The four per cent compliance level of the total national population which the scheme has achieved is too low. Serious efforts should be made to bring more people into the pension coverage net. This will involve proper enlightenment programmes and the strict enforcement of the Pension Reform Act. Unfortunately, it is the same government that should take the lead in compliance and enforcement that is in greatest default.

Government must be reminded of how some of its failures in the past have promoted systemic corruption. When a worker who has given his all suddenly discovers upon retirement that there is very little or nothing to fall back on in his old and vulnerable years, what signal are we inadvertently sending to those left in service? Have our governments and employers given adequate thought to the time-tested aphorism that a society is known by the way it treats its old and vulnerable citizens? More than pensions and gratuities, insurance schemes, when well funded and adequately managed, ensure a life of dignity and fulfillment for workers during their retirement and old age. 
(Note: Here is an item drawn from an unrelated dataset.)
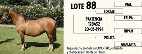 Lote 88 PACIENCIA yegua corriendo de solo 11 años

It has become necessary to call on operators of the pension scheme to ensure a better projection of the scheme and its benefits.  The challenges of the scheme, such as low enrolment, delayed remittances into workers’ Retirement Savings Accounts and the ridiculously low pensions that cannot really guarantee basic decent living for participants in their old age, should be addressed.  When Nigerian workers actually see the gains of the pension scheme in the lives of their retired colleagues, they will be more receptive to advice to enrol in the National Pension Scheme.